Page 44 of Insta-Love

“Look,” Mum says in that tone that tells me she’s giving her final word on the matter. “We can watch Lily if you want to spend time with him. Take it slow. You don’t have to rush over there if you want to see where things are headed. We’re here to support you, but we’re also here to be your voice of reason.”

“He doesn’t seem like the kind of man you need,” Dad mumbles, focus back on the TV as he scrolls the channels while muted.

“What kind of man do I need, Dad?” I was about to argue that a relationship isn’t the reason for the shift, but this—this needs explaining.

He huffs out his nose, refusing to look at me. “One who’ll stick around, Ava.” The remote drops to his lap with a clatter. “You need to learn how to find a man who’ll be there to provide for you in the long term.”

“And that can’t be Bowen?”

“He parades around preening himself like a goddamn rooster,” Dad cries. “He doesn’t have a real job. What’s he going to do if he experiences an injury?”

“Why do I need to have a man provide for me?” I shout, aware I should tone it down to save from waking Lily.

“Because you clearly can’t do it for yourself.”

The silence in the room is deafening. All three of us hold our breath, none of us daring to move let alone say anything.

Blood pumps through my veins, the rage a fist around my lungs. “Let me know if Lily wakes,” I say curtly as I rise from the seat. “I’ll have my phone on me.”

“Where are you going?” Mum scoots to the front of her seat, hand poised on the arm, ready to rise if need be.

“Out. I need space to think.”

“Let her go, Gina.” The coward can’t even look at me as I leave.

Never mind an apology.

Throwing my failures in my face, much?

I collect my phone from the end of the kitchen counter on my way past, shunt my feet into my shoes, and then head out the door. The conflict in my head leaves a literal ache as I stall on the moonlit driveway, acutely aware that I haven’t got the slightest clue what I want to do next.

I know what I can’t do, though. I can’t go back inside. Not after making my point by striding out.

Don’t do it, Ava.

I do it.

The evening chill leaves the hair on my arms on end as I duck across the lawn, careful to avoid rolling my ankle in the water meter divot. I hesitate on his front step, my heart hammering a heavy beat in my chest.

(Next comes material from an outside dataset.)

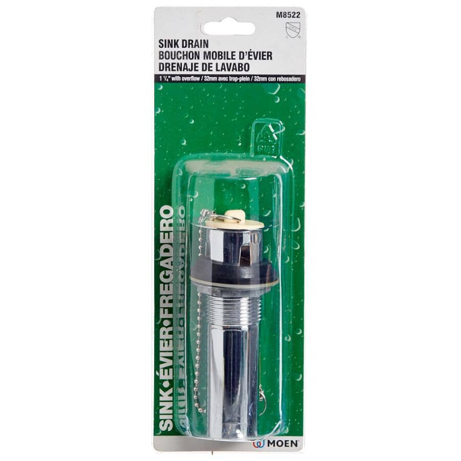 Sink Drain - with Overflow Opening + Chain & Stopper, Chrome Plated Brass
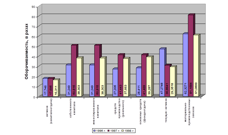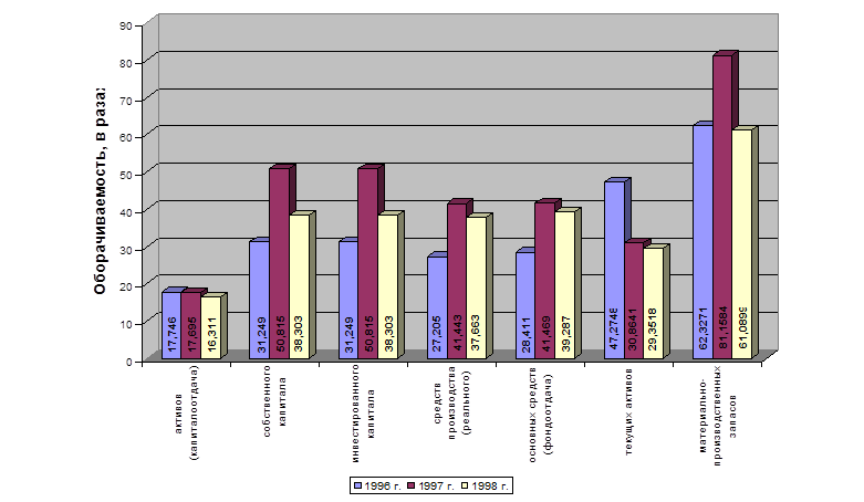 Таблица 2.3. «Динамика оборачиваемости за 1996 – 1998 гг. (в целом)»[6]

I could back out and walk away. I still have time to change my mind. Maybe take a loop around the block to clear my head.

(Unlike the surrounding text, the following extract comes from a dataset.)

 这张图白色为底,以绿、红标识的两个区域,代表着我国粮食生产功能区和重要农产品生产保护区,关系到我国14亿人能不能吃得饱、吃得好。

Yet as I look at the muted light visible through the glass panel beside his front door, my father’s opinion of Bowen has my hand lifting to the wood to knock out a firm beat.

Damn Dad’s misperception of the man. Maybe Bowen does appear to be a show pony of sorts if all you know is the man he depicts online. But Dad’s had a chance to meet him. Surely he could see there’s more to the guy than what he shares on social media?

My breath catches in my throat, my heart slowing to a near stop as the door latch clicks.

I’ve never been this forward before. Never pushed this hard for what I want without a single care if that’s what the other person wants too. I was never the girl who approached boys as a teenager, because the fear of what ridicule I might get if they didn’t like me back left me too afraid to try.

“Ava.” Bowen steps back, opening the door wide.

But this guy … I know he does want me, and that makes doing this ten times more terrifying.

Especially when he’s literally shirtless and mouth-watering in his freshly showered state.

I step inside, the nerves easing with the simple action, my breaths coming slower. steadier. I’m doing this. I’m doing this, and it’s okay. I repeat the mantra as I make my way through to the living room while Bowen shuts the front door.

“Everything okay?” He glances at the time on the microwave as he passes the open-plan kitchen. “It’s late.”